Let f(t) = 1/t for t>0. For what value of t is f ' (t) equal to the average rate of change of f on [a,b]?
To find the value of t where f'(t) is equal to the average rate of change of f on the interval [a, b], we need to first find the average rate of change of f on [a, b] and then find the value of t that satisfies this condition.
The average rate of change of f on [a, b] is given by the formula:
Average Rate of Change = (f(b) - f(a))/(b - a)
In this case, we are given f(t) = 1/t for t > 0. Therefore, f(b) = 1/b and f(a) = 1/a. Substituting these values into the formula, we get:
Average Rate of Change = (1/b - 1/a)/(b - a) = (a - b)/(ab(b - a))
Now we need to find the value of t for which f'(t) is equal to this average rate of change.

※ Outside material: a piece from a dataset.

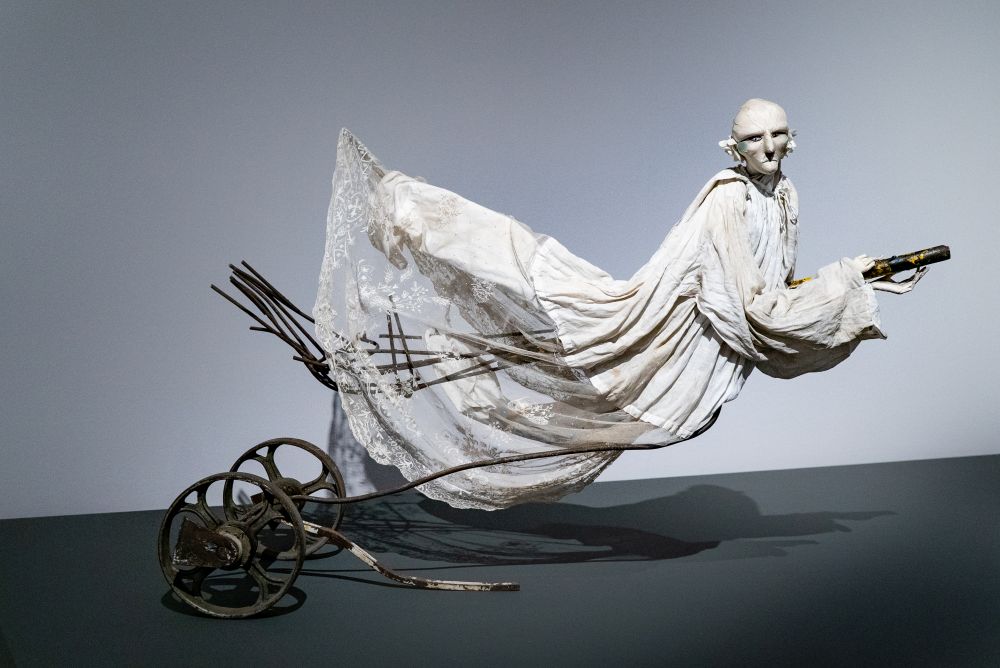 Die werden, chronologisch stimmig, im letzten, zentralen Ausstellungsraum präsentiert. Dennoch empfiehlt es sich, den Parcours in diesem lebhaften „Gruselkabinett“ zu beginnen, bevor man sich den Werdegang beider im Galerieumgang erschließt. Tinguely startete in den 1950ern durch mit kinetischen Bildobjekten, Mobiles und seiner erste Malmaschine, während Aeppli fratzenhafte Gestalten in Kohle zeichnete und erst handliche, später melancholische Menschenpuppen mit bodenlangen leeren Samtgewändern nähte und Totentanzbilder malte. Der Tod ist immer nah. Ebenso die leise Beklemmung, wenn am Ende Tinguelys motorgetriebenen Apparaturen Aepplis zarte Stoffwesen herumschleudern. Der Mensch und die Maschinen – eine emotionale Allianz. Und fortlaufend aktuell.

To do this, we differentiate f(t) = 1/t with respect to t:
f'(t) = d/dt (1/t) = -1/t^2
Setting f'(t) equal to the average rate of change, we have:
-1/t^2 = (a - b)/(ab(b - a))
To solve this equation for t, we can rearrange it as follows:
t^2 = -ab(b - a)/(a - b)
Since we are looking for a value of t where f'(t) equals the average rate of change, we can ignore the negative sign and solve for t:
t = sqrt(ab(b - a)/(a - b))
Therefore, the value of t at which f'(t) is equal to the average rate of change of f on [a, b] is t = sqrt(ab(b - a)/(a - b)).